Can I use my own domain?
Yes. Custom domains are supported, typically via enterprise options.
Does InsertChat support voice?
Yes. Voice dictation and text-to-speech let users speak instead of type.
Does InsertChat support vision?
Yes. Enable vision for assistants when images help clarify a request or context.
What tools and integrations are supported?
Zendesk, HubSpot, Shopify, WooCommerce, calendar booking, web search, Perplexity, and webhooks for your own systems.
Can I control which tools the assistant is allowed to use?
Yes. Tool access is controlled per assistant so you enable only what you need.
Can the agent hand off to a human?
Yes. Configure human handoff so the agent escalates when needed. Full conversation history is passed along.
Do you provide analytics?
Yes. Track chats, leads, feedback, top questions, unanswered questions, most-used sources, and content gaps.
Is it mobile friendly?
Yes.
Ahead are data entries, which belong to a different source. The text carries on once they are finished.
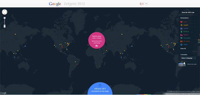 When the clock struck midnight and 2013 was born, many of us quietly resolved to change something. This will be the year we will lose those extra 10 pounds, be kinder to our friends, learn a new language, change career paths, fall in love, and so on. A combination of Google's celebrated mapping and translation technologies, wrapped in a charming design, the new tool encourages users to write down those goals and show the world what improvements 2013 may bring.
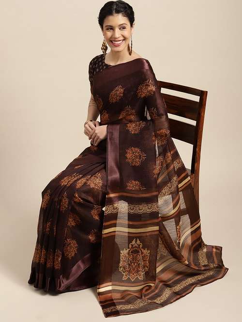 - » women's printed coffee brown colored saree
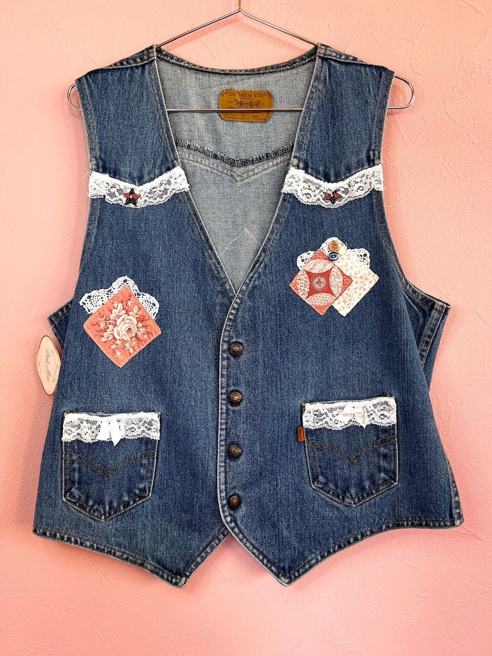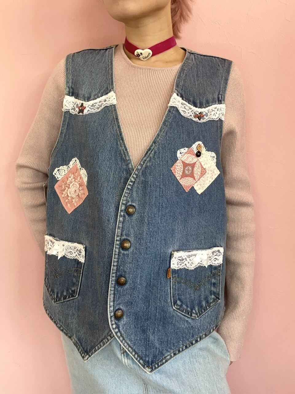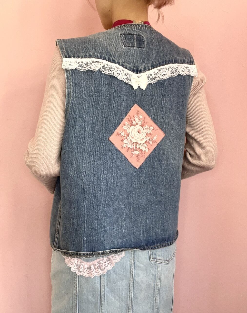 レースやリボン、はぎれの組み合わせが素敵で世界観が可愛いらしいベストです。
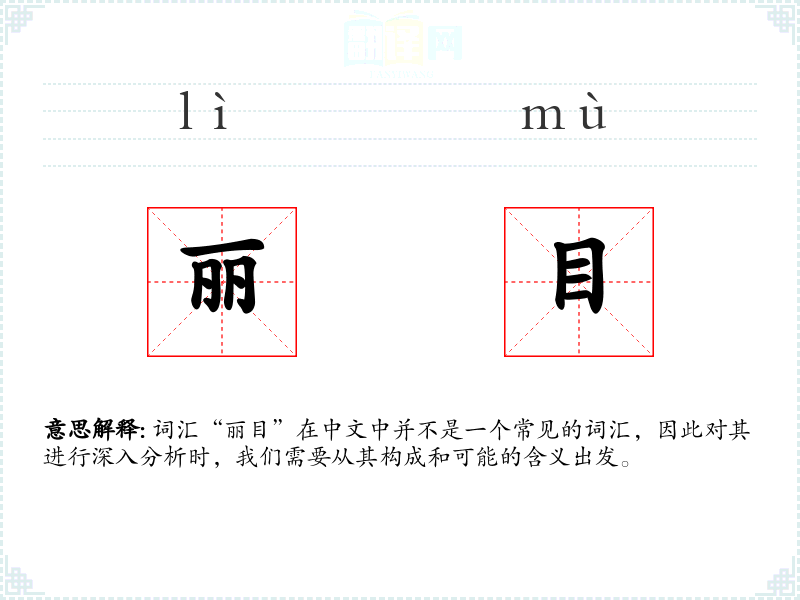 词汇“丽目”在中文中并不是一个常见的词汇,因此对其进行深入分析时,我们需要从其构成和可能的含义出发。

The widget and embeds work well on desktop and mobile with no separate experience needed.
What's the fastest path to a successful deployment?
Start with one assistant and a small set of high-value sources. Iterate using real questions from analytics.
What is the fastest way to get started?
Create an account. Connect one key source. Ask a test question, brand the assistant, then publish it on one page.